2 min read

Does Reinforcement Learning Really Expand LLM Reasoning Beyond Base Models?

Does Reinforcement Learning Really Expand LLM Reasoning Beyond Base Models?

Reinforcement Learning with Verifiable Rewards (RLVR) has been hailed as a breakthrough for enhancing reasoning in large language models (LLMs), particularly in math and coding tasks. But a new study from researchers at Tsinghua University and Shanghai Jiao Tong University challenges this assumption, revealing that RL-trained models may not actually develop fundamentally new reasoning abilities—they just get better at sampling existing ones.

The Surprising Findings

The team measured reasoning performance using the pass@k metric—which counts a problem as solved if any of k sampled responses is correct—across multiple model families, RL algorithms, and benchmarks. Their key discovery? While RL-trained models outperform base models at low k (e.g., k=1), base models catch up or even surpass RL models when allowed more samples (k=256 or higher). This suggests RLVR doesn’t expand reasoning boundaries—it just makes models more efficient at finding correct answers already within their base capabilities.

Why This Matters

  1. RLVR Biases, Not Expands, Reasoning Paths
    The study found that RL-trained models don’t generate novel reasoning patterns. Instead, they bias the model’s output distribution toward paths that yield rewards, improving success rates for problems the base model could already solve—just less frequently. However, this comes at a cost: RL-trained models explore less, narrowing their overall reasoning scope.
  2. Distillation Works Differently
    Unlike RLVR, distillation (training smaller models on outputs from stronger ones) does introduce new knowledge, genuinely expanding reasoning boundaries.
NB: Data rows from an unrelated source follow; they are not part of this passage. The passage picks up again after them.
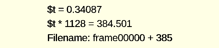 color("black") text(str("Filename: frame00000 + ",round($t1128)));Can
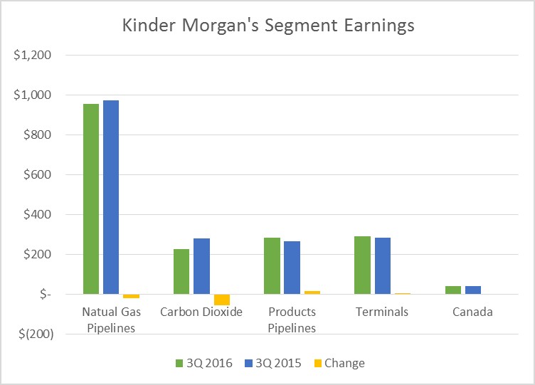 - Earnings in the company's natural gas pipeline segment edged down 2% after adjusting for certain items. Without those adjustments, which include the impact from the sale of its 50% interest in the Southern Natural Gas (SNG) pipeline to Southern Company (SO +0.89%), earnings slumped 46% to $540 million. That said, on an apples-to-apples basis, earnings were in line with expectations. Positive drivers of that in-line result were incremental revenue from expansion projects at Tennessee Gas Pipeline and increased contributions from the Hiland midstream assets and the Texas Interstate Natural Gas pipelines. However, reduced volumes across some of its gathering and processing assets, unfavorable contract renewals on the Colorado Interstate Pipeline, and a customer contract buyout on the Kinder Morgan Louisiana pipeline more than offset those incremental contributions.
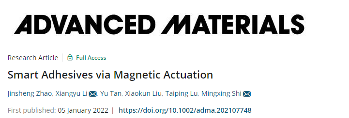 李翔宇教授与师明星教授领导的课题组最新科研成果“Smart Adhesive via Magnetic Actuation”在国际顶级期刊《AdvancedMaterials》(IF: 30.849)上在线发表。李翔宇教授和师明星教授为论文的共同通讯作者,第一作者为博士研究生赵晋生,共同作者有博士研究生谭宇、博士研究生刘晓坤和硕士研究生鲁太平,均来自麻豆做爱
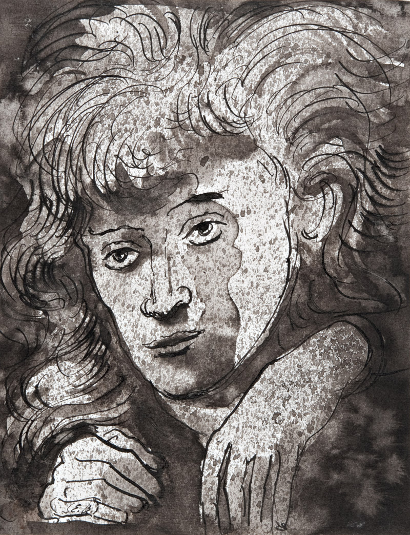 Eugene Berman (San Pietroburgo 1899 ‑ Roma 1972) “Ritratto di donna” tecnica mista su carta (cm 21,7x16,6)
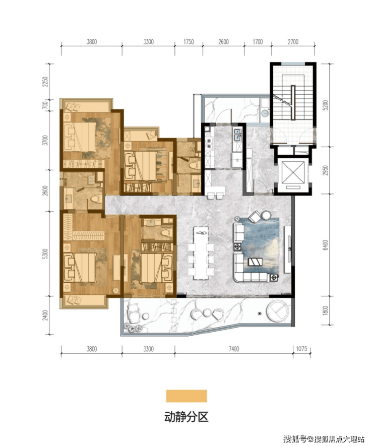 同时,户型进行了动静合理分区,公区可享受无边界的景观资源,但卧室的私密性完全不受影响。此外,还有飘窗全赠送面积,生活阳台半赠送面积,可拓展空间大,整体户型具有独特的居住舒适度感。
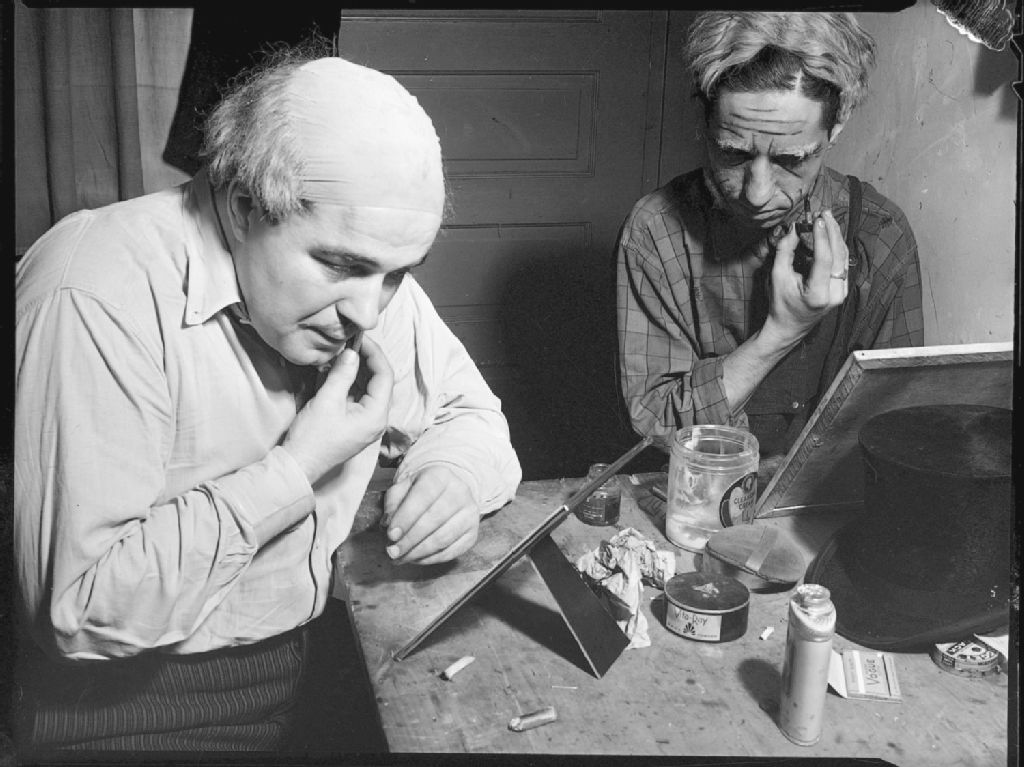 James Coghill et Spencer O'Toole, deux comédiens de la pièce de théâtre «Atteberrians», se maquillent
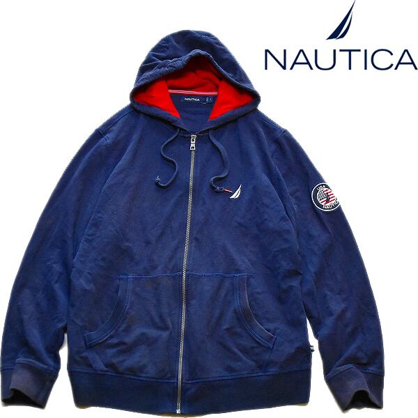 1点物◆ノーティカ紺ジップアップスウェットパーカー古着メンズL/XLレディースOKアメカジ90sストリート/スポーツブランド/フルジップ371896
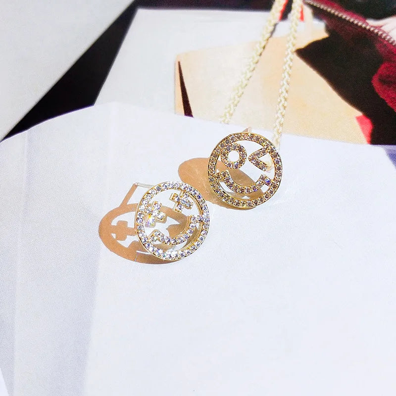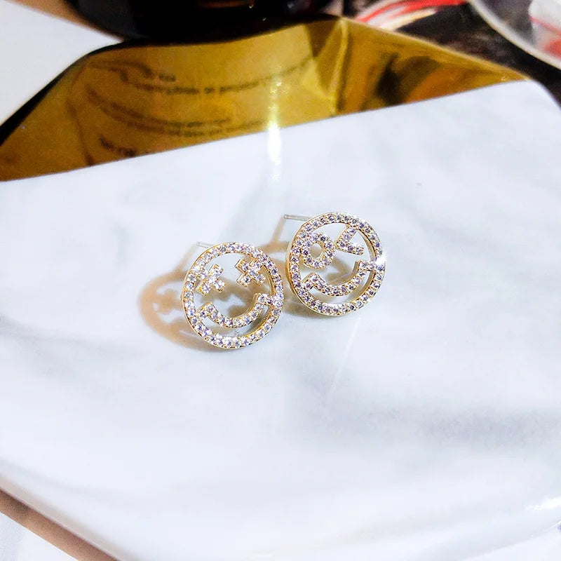 Add a touch of sparkle to your look with these ultra-shiny openwork smiley face stud earrings. Made with 18K silver-plated zircon, these geometric earrings are perfect for any occasion.
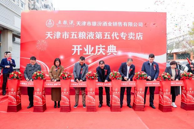 2023年11月8日,五粮液第五代专卖店天津(华苑店)开业庆典活动隆重举行,宜宾五粮液股份有限公司天津营销大区副总经理秦甫、四川五粮液浓香酒有限公司京津营销大区副总经理蒋中军、四川春之秀供应链管理有限责任公司董事长彭光特、四川春之秀供应链管理有限责任公司总经理温进、天津五粮液经销商联谊会副会长 天津中糖华丰实业有限公司五粮液事业部郑伟、民生银行天津分行苏伟杰、天津市雄汾酒业销售有限公司总经理熊少武及酒类经销商和各行业嘉宾到场祝贺。
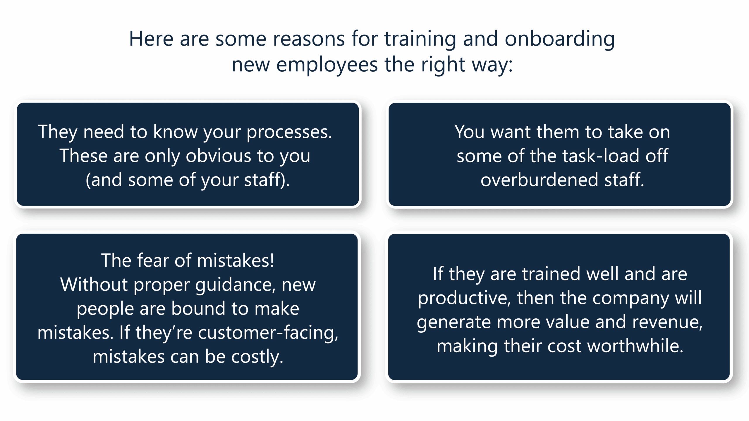 With new employees, it is unlikely that they will hit the ground running with a complete and relevant skillset. Therefore, training is essential to have a productive employee as quickly as possible, whether trained in-house (if you can spare the resources, which can be costly) or outsourced to a reputable training organisation.

This highlights a critical limitation of RLVR’s current form.
  3. All RL Algorithms Hit the Same Wall
    Whether using PPO, GRPO, or Reinforce++, RL methods only marginally improved sampling efficiency—none came close to the base model’s upper-bound performance at high k.

The Bigger Picture

These findings force us to rethink RLVR’s role in advancing LLMs. If the goal is true reasoning breakthroughs, RLVR in its current form may be insufficient. The study suggests future work should explore:

  • Hybrid approaches combining RL with distillation or other paradigms.
  • Better exploration strategies to escape the base model’s reasoning limits.
  • Alternative training frameworks that don’t sacrifice coverage for efficiency.

For businesses relying on LLMs for complex reasoning tasks, this research underscores the importance of evaluating models beyond single-sample metrics—what matters isn’t just how often a model gets the right answer, but whether it can ever get it with enough tries.